The logo of South Korean wireless telecommunications operator SK Telecom is seen at the Mobile World Congress (MWC), the telecom industry's biggest annual gathering, in Barcelona on March 2, 2023. JOSEP LAGO/AFP via Getty Images
SK Telecom and Nvidia have moved beyond a partnership announcement and into a standing operational structure: a formal joint committee, running on two tracks, to co-develop physical AI technology and bring it to semiconductor fabs, shipbuilding yards, and defense facilities. The committee launched following Nvidia's GTC San Jose 2026 keynote in March, where Jensen Huang first named SK Telecom as a key physical AI partner alongside Boston Dynamics and other global robotics firms. Three months later, at his GTC Taipei keynote on June 1, Huang did it again — the second consecutive major Nvidia event at which SK Telecom appeared as a named strategic partner in manufacturing physical AI, this time with an Omniverse-powered chip fab deployment on the keynote screen.
The committee divides into an executive-level track for strategic direction and a working-level track for hands-on co-development of an Omniverse-based digital-twin platform. Nvidia engineers responsible for Omniverse have already traveled to SKT Tower in Seoul for at least one technical workshop under the committee structure, according to industry sources.
What Agentic Digital Twin Modeling Does: OpenUSD, NVIDIA Agent Toolkit, and Fab-Scale 3D Data
At the center of the technical work is a system SK Telecom built using Nvidia's Agent Toolkit, which the company calls Agentic Digital Twin Modeling. The problem it solves is a genuine engineering bottleneck: a semiconductor fab contains thousands of pieces of equipment with complex spatial relationships, and building a working digital twin of that environment requires ingesting CAD models, sensor feeds, equipment layouts, and environmental data — then converting and optimizing all of it into a format a simulation platform can use. Before SKT developed this system, engineers performed that conversion manually, piece by piece.
Agentic Digital Twin Modeling automates the data-conversion and scene-optimization step using AI agents running on top of Nvidia Omniverse. OpenUSD — Universal Scene Description, a framework originally developed by Pixar Animation Studios — serves as the common scene language: it describes the geometry, materials, spatial relationships, and physical properties of every component in the fab as a single versionable 3D file that multiple teams can work on simultaneously. SKT's platform then integrates Nvidia Omniverse libraries to improve loading speed, GPU utilization, and memory efficiency when handling the enormous OpenUSD scene files that a chipmaking facility generates.

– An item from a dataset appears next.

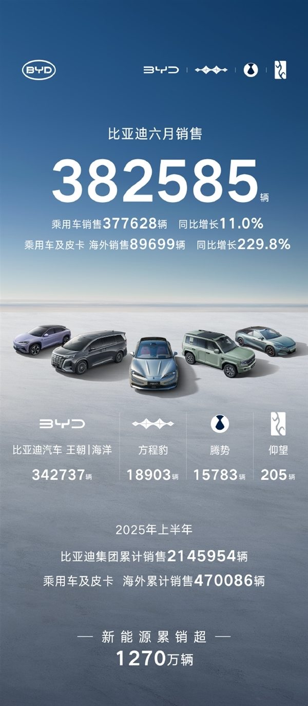 1270万辆!比亚迪笑得合不拢嘴,无敌是多么寂寞,没有一个友商能笑得出来。6月销量,突破38万台,上半年销量,突破214万台,累计销量,突破1270万台!真是不看不知道,一看吓一跳,比亚迪汽车又卖疯了,没有一个友商不羡慕这个成绩,当然对于那些主打燃油车的外国品牌来说,1270万台已经让他们彻底绝望,说难听点就是电车把油车打的满地找牙。既然今年上半年突破214万台销量,意味着比亚迪今年550万台销量目标已经很稳了,因为去年上半年销量是161万台,也就是说今年1-6月份销量同比暴涨33%,而去年下半年销量是266万台,如果今年下半年继续保持33%的增速,那销量就是266万台×33%+266万台=353.78万台,所以今年的总销量就可以达到214万台+353.78万台=567.78万台。
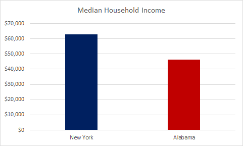 Alabama vs NY Median Household Income Benjamin Studebaker December 18, 2017 Published by Benjamin Studebaker View all posts by Benjamin Studebaker Published December 18, 2017

"Semiconductor fabs are among the most challenging manufacturing environments, combining massive amounts of 3D data, complex equipment structures, and the need for high-level optimization," said Mike Geyer, head of industrial digital twins at Nvidia. "SKT has demonstrated a high level of technical capability in applying and validating NVIDIA Omniverse libraries, as well as the NVIDIA Agent Toolkit in real-world industrial settings."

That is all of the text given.